Because our study did not account for Medicaid claims data, there was concern that Medicare claims data for beneficiaries with state buy-in (SBI) coverage may be incomplete. Our findings did not bear this out, however (data not shown). A higher proportion of the older old in our sample does have SBI coverage (e.g., for 1998 data, almost 24 percent of those aged 80 and older have a full year of SBI coverage compared with 9.6 percent of those ages 65–69), but we could find no significant differences in rates of false negatives by SBI status within age groups for any of the algorithms for 1998 (p >.12 for all comparisons). We do note that 7 percent of white compared with 33 percent of black subjects had a full year of SBI coverage, but sample sizes are too small to draw meaningful conclusions about possible effects on algorithm performance. State buy-in coverage may act as a proxy of low-income status in our study sample, but likely does not directly affect the completeness of the utilization data, which challenges the notion that data for dual eligibles may be incomplete by using Medicare claims alone. In this study, the use of Medicare claims data appeared to be adequate to identify incident cases of breast cancer in SBI beneficiaries.

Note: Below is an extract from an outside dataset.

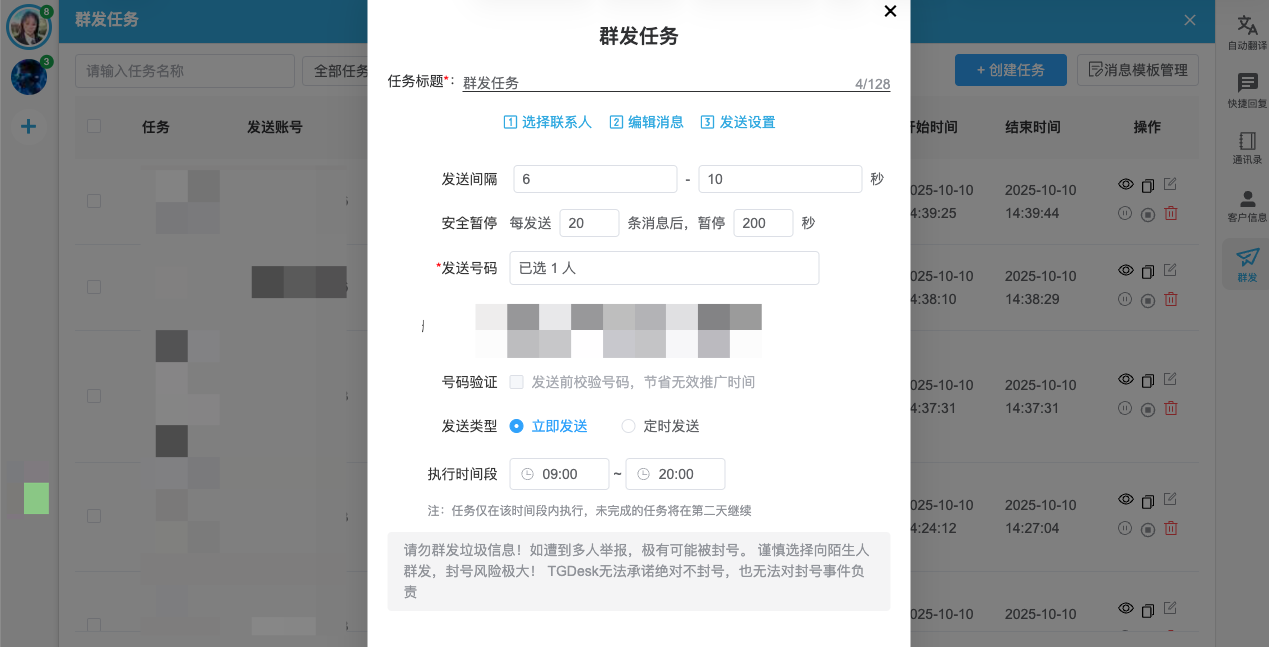 支持自定义操作时间间隔和操作频率,降低账号被封风险,保障 Telegram 账号安全。
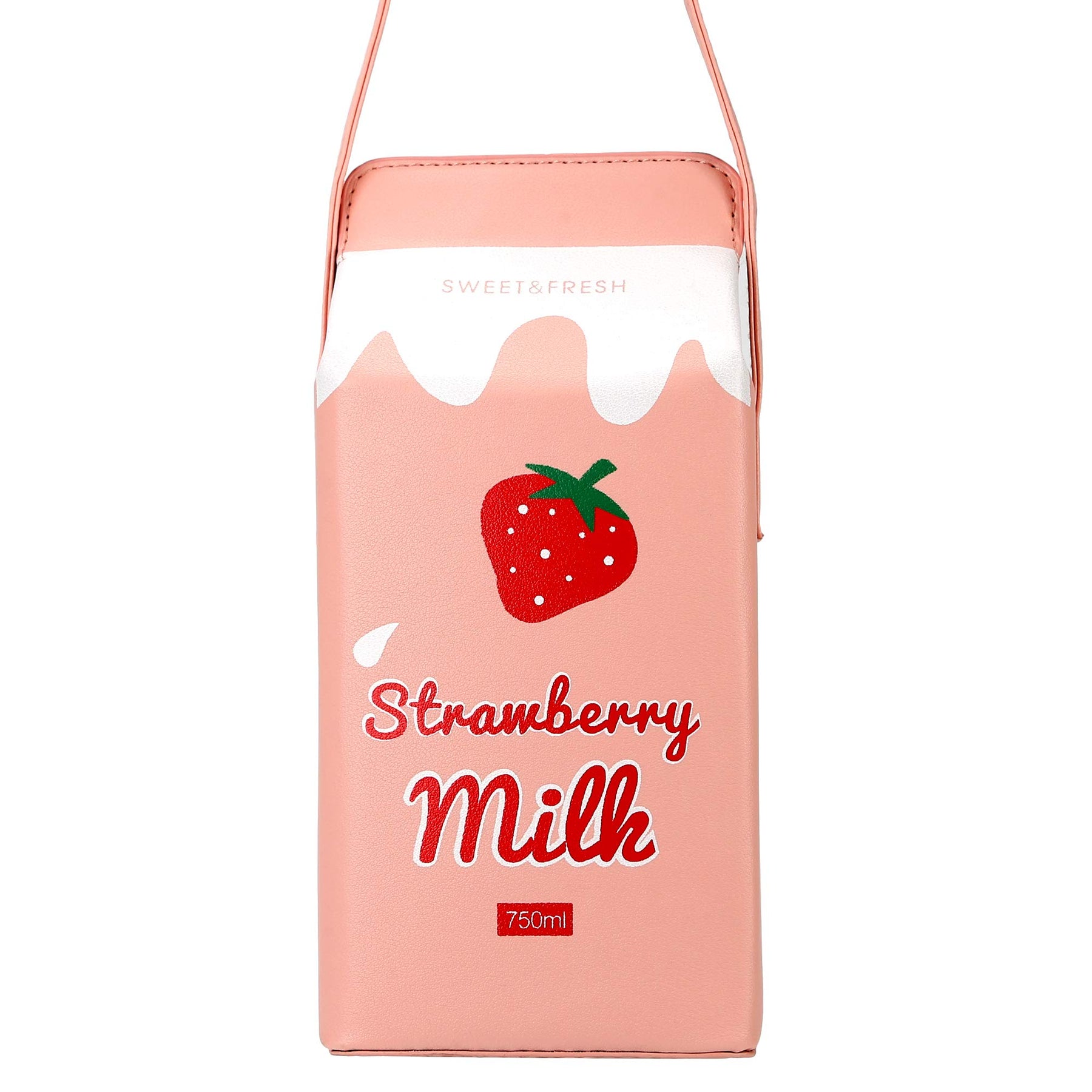 Design unique: fabriqué en PU, ressemble à une boîte à lait à la fraise. Ça a l'air très mignon et intéressant. Structure: sac avec 1 boucle.

Some authors of the published algorithms recommended caution in using their algorithm to identify incident breast cancer cases, while others are more enthusiastic. We are not yet aware of any studies in which a researcher has used an algorithm alone to identify breast cancer cases. An important advancement in this field would be to refine an algorithm, which could be used to identify cases of recurrent cancer, information which most registries do not collect. Until the algorithms are refined, researchers probably should use the algorithms in isolation of cancer registry information only if they highlight the limitations of the method and there is no alternative. For other diseases, diagnosis and procedure codes may be more relevant to identify patient cohorts. In breast cancer, such codes often are used for patients undergoing diagnostic testing to rule out disease or before a definitive cancer diagnosis (e.g., breast abnormality of some sort, rather than breast cancer). In addition, cancer stage, which can greatly affect treatment received, cannot be determined from diagnosis and procedure codes. The next question is: how good does an algorithm need to be in order to be confident in its application to new data? As with any diagnostic test, the algorithms yield trade-offs between sensitivity and specificity. Future work should explore the biases of algorithm misclassification in assessing use and costs of health care services. In the meantime, algorithms should be applied very cautiously to insurance claims databases to assess health care utilization and costs of breast cancer care outside SEER-Medicare populations.